#### What the task requires:
Please, from the entries below, transcribe exactly the lines that begin at the line with "스테이블코인 폭발적 성장, 신흥국 은행 예금 1조 달러가 빠져나간다?" and end at the line with "Хорошая легкая блузка", without the pictures.

#### Exercise data:
******************************
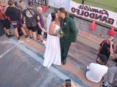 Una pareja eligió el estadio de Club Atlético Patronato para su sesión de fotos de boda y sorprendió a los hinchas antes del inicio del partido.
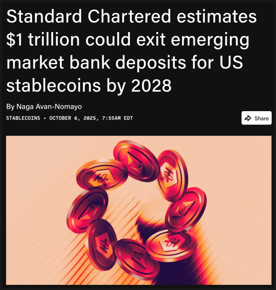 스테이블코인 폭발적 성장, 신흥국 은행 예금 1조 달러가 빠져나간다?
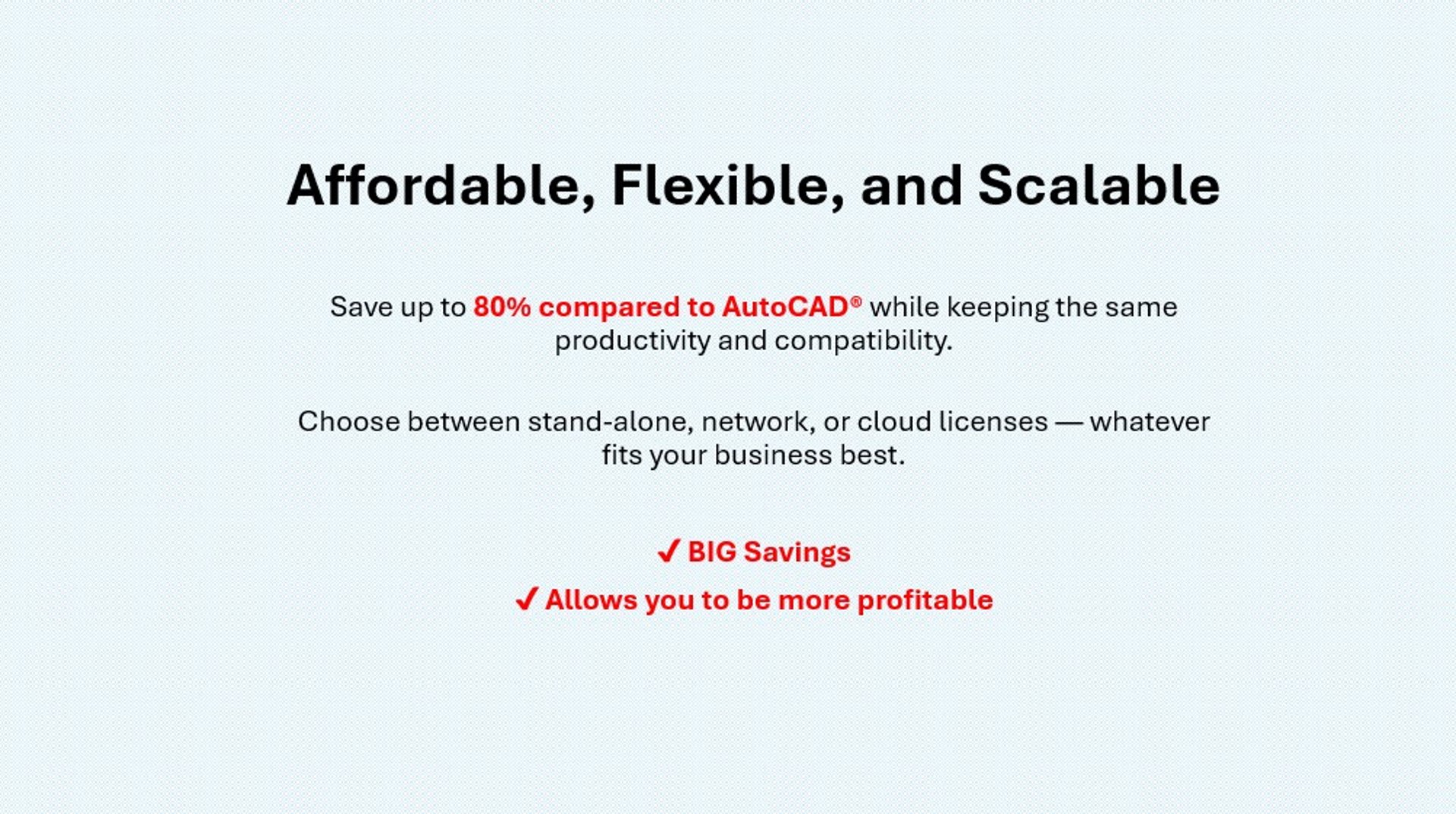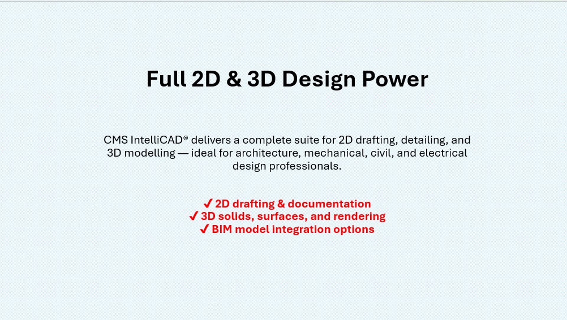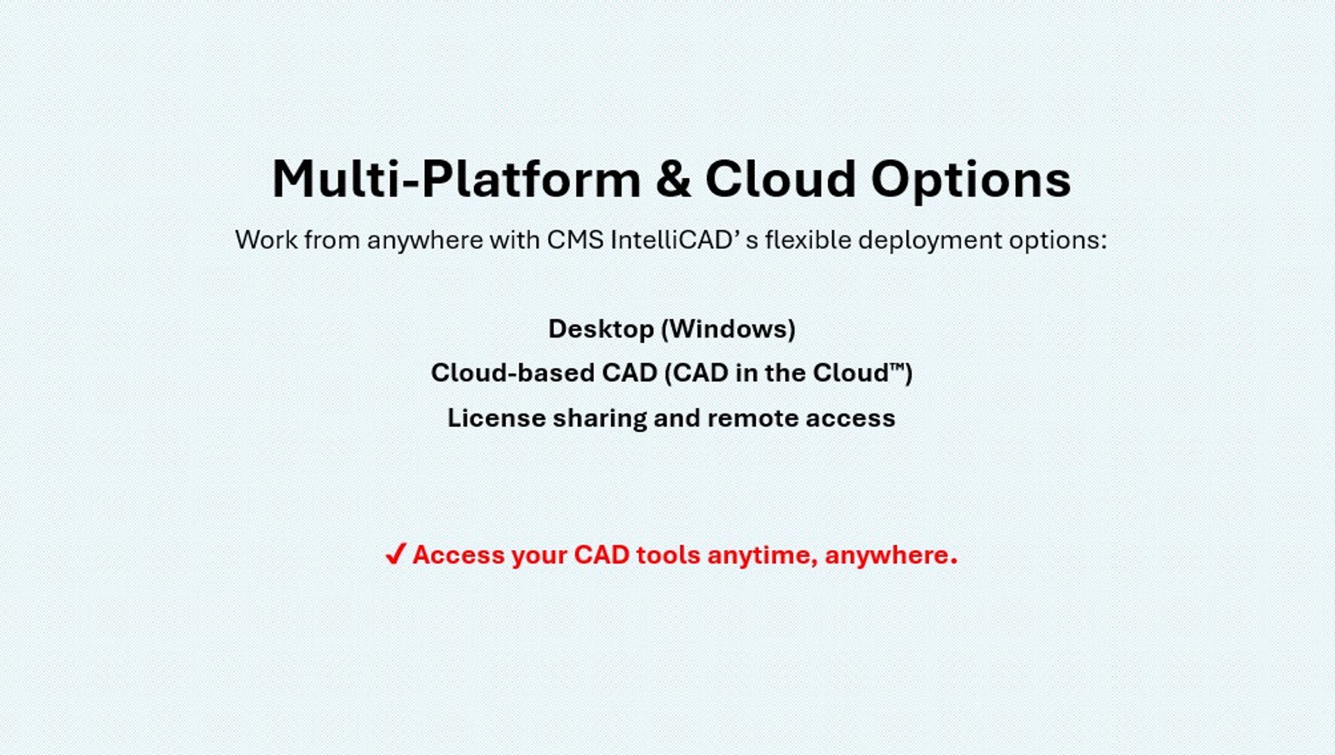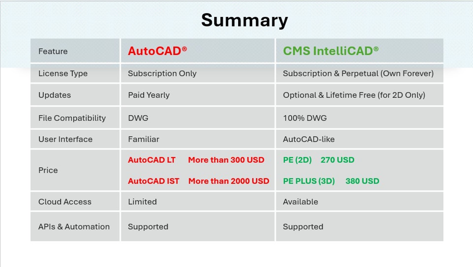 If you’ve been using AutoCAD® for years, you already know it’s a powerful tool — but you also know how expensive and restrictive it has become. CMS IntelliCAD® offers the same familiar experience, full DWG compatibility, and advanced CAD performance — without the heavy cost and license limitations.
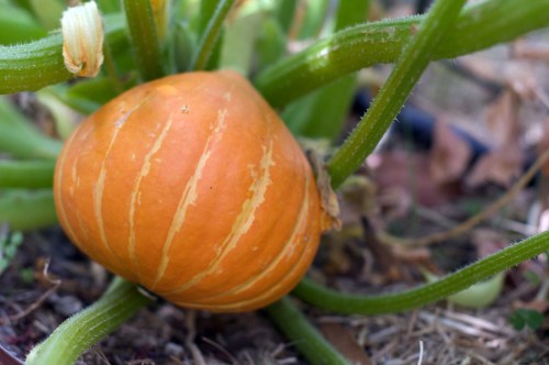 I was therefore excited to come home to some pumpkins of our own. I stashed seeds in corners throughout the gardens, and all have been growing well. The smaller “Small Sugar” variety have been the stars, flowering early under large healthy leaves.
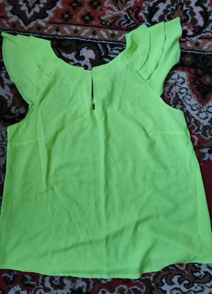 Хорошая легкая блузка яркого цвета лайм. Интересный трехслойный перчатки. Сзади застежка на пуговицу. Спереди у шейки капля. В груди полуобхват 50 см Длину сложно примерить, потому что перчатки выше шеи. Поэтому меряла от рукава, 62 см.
******************************
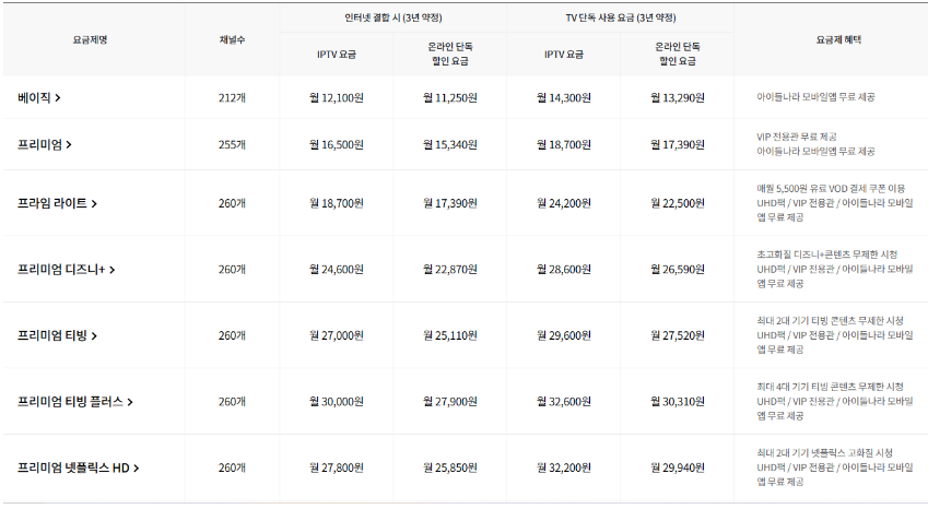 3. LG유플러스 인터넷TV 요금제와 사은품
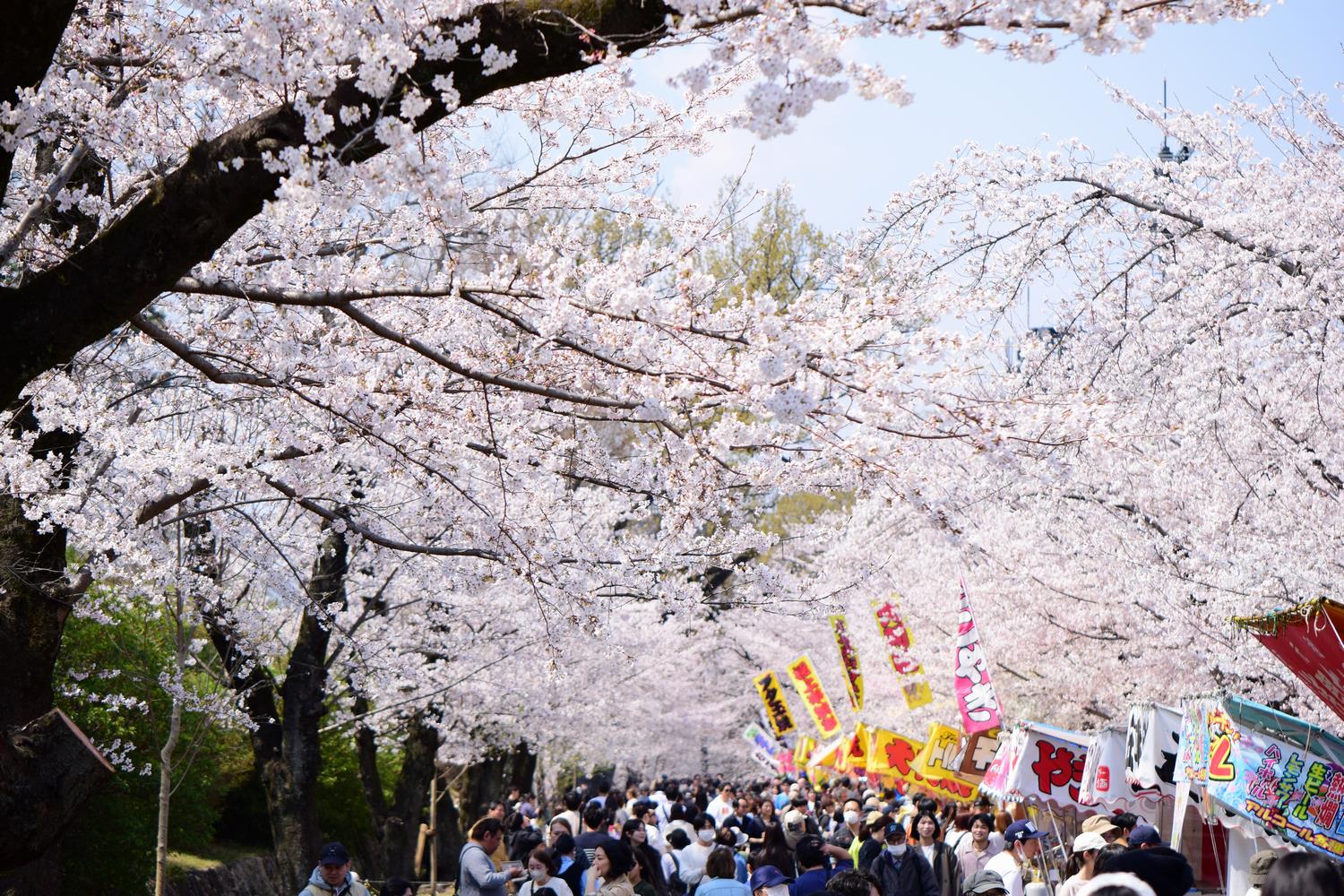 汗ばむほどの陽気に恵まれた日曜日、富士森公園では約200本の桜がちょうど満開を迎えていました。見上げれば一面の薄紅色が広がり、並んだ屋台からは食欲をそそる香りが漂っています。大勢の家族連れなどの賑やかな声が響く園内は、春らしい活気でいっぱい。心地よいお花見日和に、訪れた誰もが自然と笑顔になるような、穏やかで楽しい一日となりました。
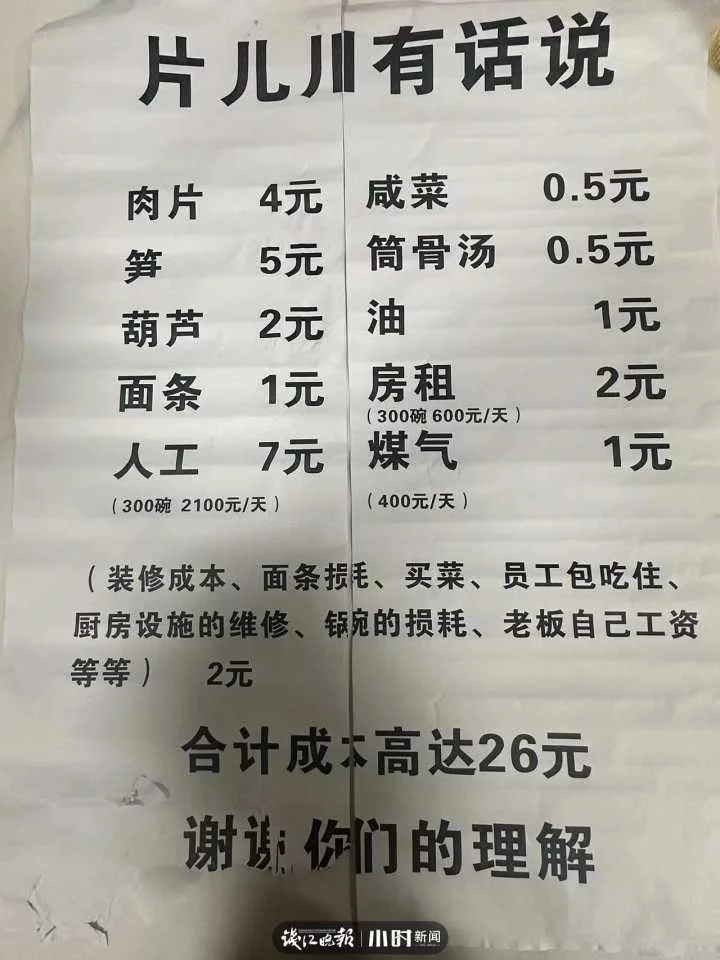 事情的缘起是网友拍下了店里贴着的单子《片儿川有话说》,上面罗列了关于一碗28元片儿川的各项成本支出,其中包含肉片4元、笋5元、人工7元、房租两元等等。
******************************
#### Written response:
 스테이블코인 폭발적 성장, 신흥국 은행 예금 1조 달러가 빠져나간다?
 If you’ve been using AutoCAD® for years, you already know it’s a powerful tool — but you also know how expensive and restrictive it has become. CMS IntelliCAD® offers the same familiar experience, full DWG compatibility, and advanced CAD performance — without the heavy cost and license limitations.
 I was therefore excited to come home to some pumpkins of our own. I stashed seeds in corners throughout the gardens, and all have been growing well. The smaller “Small Sugar” variety have been the stars, flowering early under large healthy leaves.
 Хорошая легкая блузка яркого цвета лайм. Интересный трехслойный перчатки. Сзади застежка на пуговицу. Спереди у шейки капля. В груди полуобхват 50 см Длину сложно примерить, потому что перчатки выше шеи. Поэтому меряла от рукава, 62 см.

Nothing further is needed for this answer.